Abdelsalam Eman, Ibrahim Amal Mosad, El-Rashedy Ahmed A, Abdel-Aziz Mohamed S, Kutkat Omnia, El-Hady Faten K Abd
Chemistry of Natural and Microbial Products Department, Pharmaceutical and Drug Industries Research Institute, National Research Centre, 33 El Buhouth St, Dokki-Giza, Egypt.
Department of Microbial Chemistry, National Research Centre, Giza, 12622, Egypt.
Sci Rep. 2025 Jan 3;15(1):685. doi: 10.1038/s41598-024-77854-0.
The COVID-19 pandemic has caused significant mortality and morbidity for millions of people. Severe Acute Respiratory Syndrome-2 (SARS-CoV-2) virus is capable of causing severe and fatal diseases. We evaluated the antiviral properties of Aspergillus tamarii SP73-EGY isolate extract against low pathogenic coronavirus (229E), Adeno-7- and Herpes-2 viruses. The extract showed a high selectivity index (SI = 43.4) and a significant inhibition of 229E (IC = 8.205 μg/ml). It was stronger than the drug control, remdesivir (IC = 38.2 μg/ml, SI = 7.29). However, the extract showed minimal efficacy against Adeno-7- and Herpes-2-Viruses (IC = 22.52, 47.79 μg/ml, and SI = 6.75, 5.08, respectively). It exhibited profound efficacy against the highly pathogenic SARS-CoV-2 (IC = 8.306 μg/ml, SI = 42.2). Kojic acid, the primary component of the extract, showed substantial antiviral activity against SARS-CoV-2 (IC = 23.4 μg/ml, SI = 5.6), Remdesivir (IC = 4.55 μg/ml, SI = 61.45). Therefore, the extract demonstrated the most notable antiviral characteristics against coronavirus infection. Co-infecting microorganisms may contribute to immune system deterioration and airway injury caused by SARS-CoV-2. The extract showed significant efficacy against E. coli and P. aeruginosa, with an inhibition range of 3.5-10 mm at a concentration of 200 mg/ml. A molecular docking study showed that hexadecanoic, Kojic, octanoic acids, and 4(4-Methylbenzylidene)cyclohexane-1,3-dione have stronger binding affinity to the SARS-CoV-2 M than Remdesivir. Molecular dynamics simulations were employed to examine the structural stability and flexibility of these complexes. This confirmed the high binding affinities of Kojic acid and 4(4-Methylbenzylidene)cyclohexane-1,3-dione, thereby proving their potential as novel anti-SARS-CoV-2.

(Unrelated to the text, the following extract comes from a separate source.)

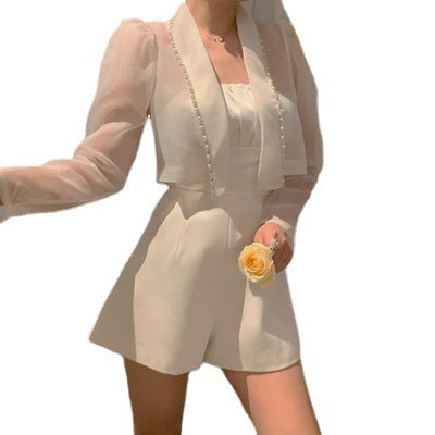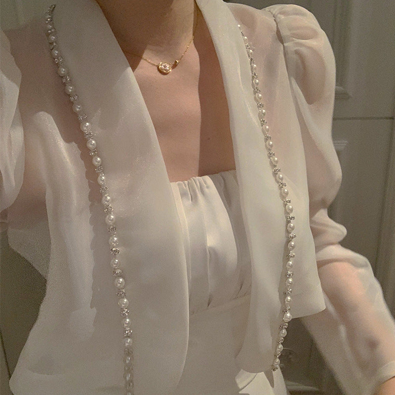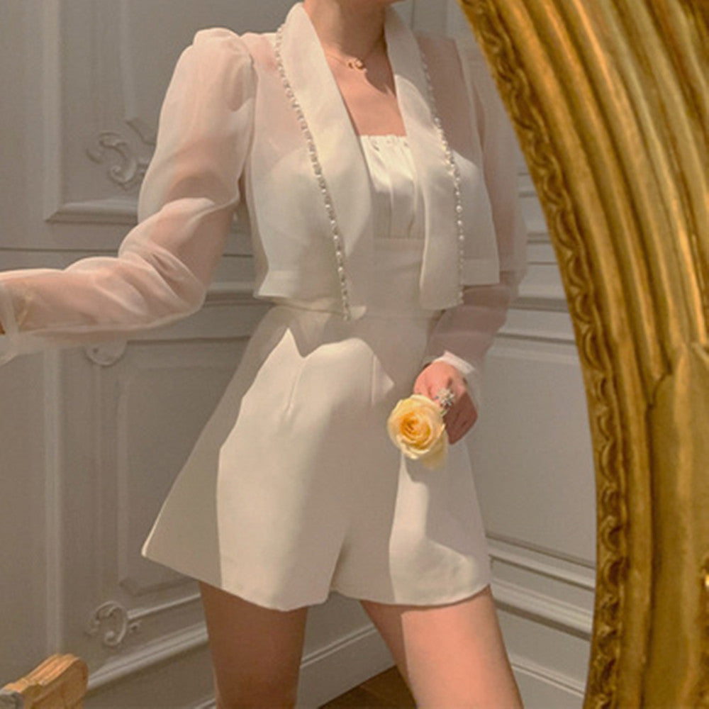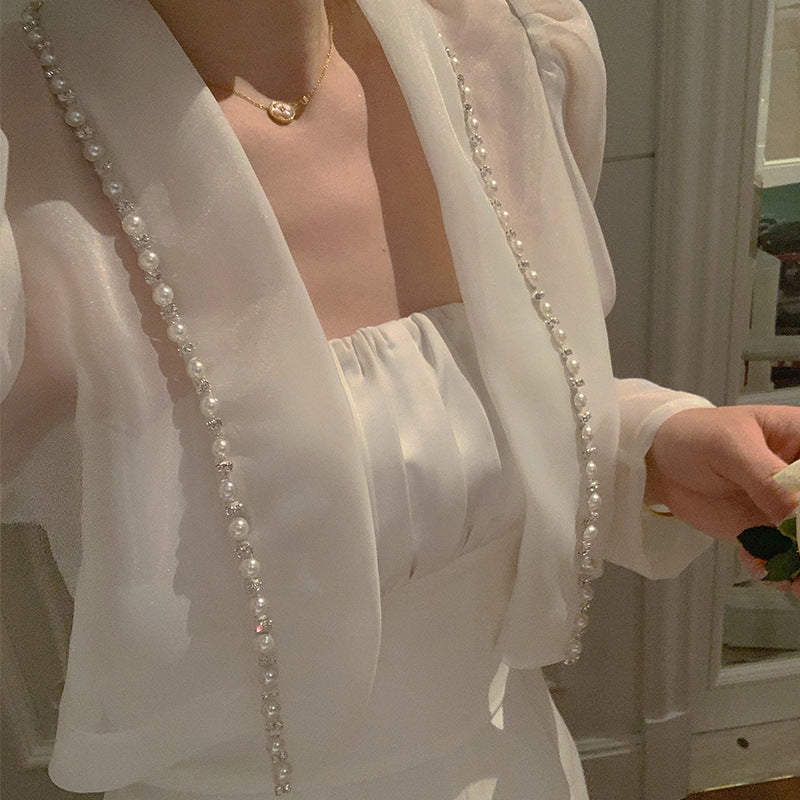 French Vintage Beaded Sexy Bandeau Jumpsuit Two-Piece Set

新冠疫情已导致数百万人出现严重的死亡率和发病率。严重急性呼吸综合征冠状病毒2(SARS-CoV-2)能够引发严重且致命的疾病。我们评估了塔宾曲霉SP73-EGY分离株提取物对低致病性冠状病毒(229E)、腺病毒7型和疱疹病毒2型的抗病毒特性。该提取物显示出高选择性指数(SI = 43.4),并对229E有显著抑制作用(IC = 8.205 μg/ml)。其效果强于药物对照瑞德西韦(IC = 38.2 μg/ml,SI = 7.29)。然而,该提取物对腺病毒7型和疱疹病毒2型的效果甚微(IC分别为22.52、47.79 μg/ml,SI分别为6.75、5.08)。它对高致病性SARS-CoV-2显示出显著效果(IC = 8.306 μg/ml,SI = 42.2)。提取物的主要成分 kojic 酸对SARS-CoV-2显示出显著抗病毒活性(IC = 23.4 μg/ml,SI = 5.6),对瑞德西韦(IC = 4.55 μg/ml,SI = 61.45)也有活性。因此,该提取物对冠状病毒感染显示出最显著的抗病毒特性。共同感染的微生物可能会导致SARS-CoV-2引起的免疫系统恶化和气道损伤。该提取物对大肠杆菌和铜绿假单胞菌显示出显著效果,在浓度为200 mg/ml时抑制范围为3.5 - 10 mm。分子对接研究表明,十六烷酸、 kojic 酸、辛酸和4(4 - 甲基亚苄基)环己烷 - 1,3 - 二酮与SARS-CoV-2 M蛋白的结合亲和力比瑞德西韦更强。采用分子动力学模拟来研究这些复合物的结构稳定性和灵活性。这证实了 kojic 酸和4(4 - 甲基亚苄基)环己烷 - 1,3 - 二酮具有高结合亲和力,从而证明了它们作为新型抗SARS-CoV-2药物的潜力。